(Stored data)
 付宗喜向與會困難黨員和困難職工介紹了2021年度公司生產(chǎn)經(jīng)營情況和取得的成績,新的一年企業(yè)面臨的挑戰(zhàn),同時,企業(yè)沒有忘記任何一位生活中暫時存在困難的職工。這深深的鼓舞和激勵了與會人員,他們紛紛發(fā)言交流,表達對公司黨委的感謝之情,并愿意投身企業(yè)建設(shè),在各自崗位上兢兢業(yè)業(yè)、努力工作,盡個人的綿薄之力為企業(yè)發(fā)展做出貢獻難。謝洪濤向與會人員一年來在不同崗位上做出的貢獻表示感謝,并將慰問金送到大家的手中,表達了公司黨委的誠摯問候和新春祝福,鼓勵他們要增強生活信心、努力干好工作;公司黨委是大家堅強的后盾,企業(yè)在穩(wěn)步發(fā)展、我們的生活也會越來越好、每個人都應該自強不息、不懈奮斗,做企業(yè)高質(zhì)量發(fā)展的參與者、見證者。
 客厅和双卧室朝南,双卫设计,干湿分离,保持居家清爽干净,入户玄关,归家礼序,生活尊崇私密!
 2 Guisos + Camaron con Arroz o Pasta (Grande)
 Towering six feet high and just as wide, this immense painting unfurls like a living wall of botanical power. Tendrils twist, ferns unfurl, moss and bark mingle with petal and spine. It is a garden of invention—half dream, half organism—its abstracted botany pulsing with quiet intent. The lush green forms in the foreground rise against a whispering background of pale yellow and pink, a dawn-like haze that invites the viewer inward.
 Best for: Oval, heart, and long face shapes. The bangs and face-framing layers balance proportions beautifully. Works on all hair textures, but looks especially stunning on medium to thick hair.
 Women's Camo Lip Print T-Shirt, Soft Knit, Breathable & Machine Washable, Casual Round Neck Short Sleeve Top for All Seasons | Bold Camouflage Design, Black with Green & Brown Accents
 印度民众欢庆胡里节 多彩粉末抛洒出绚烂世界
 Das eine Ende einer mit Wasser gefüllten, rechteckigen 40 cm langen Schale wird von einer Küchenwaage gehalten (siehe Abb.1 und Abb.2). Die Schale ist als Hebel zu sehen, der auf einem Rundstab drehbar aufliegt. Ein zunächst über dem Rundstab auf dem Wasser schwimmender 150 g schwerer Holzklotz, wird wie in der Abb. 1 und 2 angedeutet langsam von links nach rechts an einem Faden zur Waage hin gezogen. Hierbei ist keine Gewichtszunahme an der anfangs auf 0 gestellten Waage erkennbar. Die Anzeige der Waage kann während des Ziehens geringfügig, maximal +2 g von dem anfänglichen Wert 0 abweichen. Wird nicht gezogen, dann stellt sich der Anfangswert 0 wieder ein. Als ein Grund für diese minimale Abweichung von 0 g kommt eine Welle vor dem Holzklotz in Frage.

→ **Task details**: The line with "印度民众欢庆胡里节 多彩粉末抛洒出绚烂世界" marks the end; reproduce exactly every line from the start of the entries up to it, that line included.

→ **Response**:
 付宗喜向與會困難黨員和困難職工介紹了2021年度公司生產(chǎn)經(jīng)營情況和取得的成績,新的一年企業(yè)面臨的挑戰(zhàn),同時,企業(yè)沒有忘記任何一位生活中暫時存在困難的職工。這深深的鼓舞和激勵了與會人員,他們紛紛發(fā)言交流,表達對公司黨委的感謝之情,并愿意投身企業(yè)建設(shè),在各自崗位上兢兢業(yè)業(yè)、努力工作,盡個人的綿薄之力為企業(yè)發(fā)展做出貢獻難。謝洪濤向與會人員一年來在不同崗位上做出的貢獻表示感謝,并將慰問金送到大家的手中,表達了公司黨委的誠摯問候和新春祝福,鼓勵他們要增強生活信心、努力干好工作;公司黨委是大家堅強的后盾,企業(yè)在穩(wěn)步發(fā)展、我們的生活也會越來越好、每個人都應該自強不息、不懈奮斗,做企業(yè)高質(zhì)量發(fā)展的參與者、見證者。
 客厅和双卧室朝南,双卫设计,干湿分离,保持居家清爽干净,入户玄关,归家礼序,生活尊崇私密!
 2 Guisos + Camaron con Arroz o Pasta (Grande)
 Towering six feet high and just as wide, this immense painting unfurls like a living wall of botanical power. Tendrils twist, ferns unfurl, moss and bark mingle with petal and spine. It is a garden of invention—half dream, half organism—its abstracted botany pulsing with quiet intent. The lush green forms in the foreground rise against a whispering background of pale yellow and pink, a dawn-like haze that invites the viewer inward.
 Best for: Oval, heart, and long face shapes. The bangs and face-framing layers balance proportions beautifully. Works on all hair textures, but looks especially stunning on medium to thick hair.
 Women's Camo Lip Print T-Shirt, Soft Knit, Breathable & Machine Washable, Casual Round Neck Short Sleeve Top for All Seasons | Bold Camouflage Design, Black with Green & Brown Accents
 印度民众欢庆胡里节 多彩粉末抛洒出绚烂世界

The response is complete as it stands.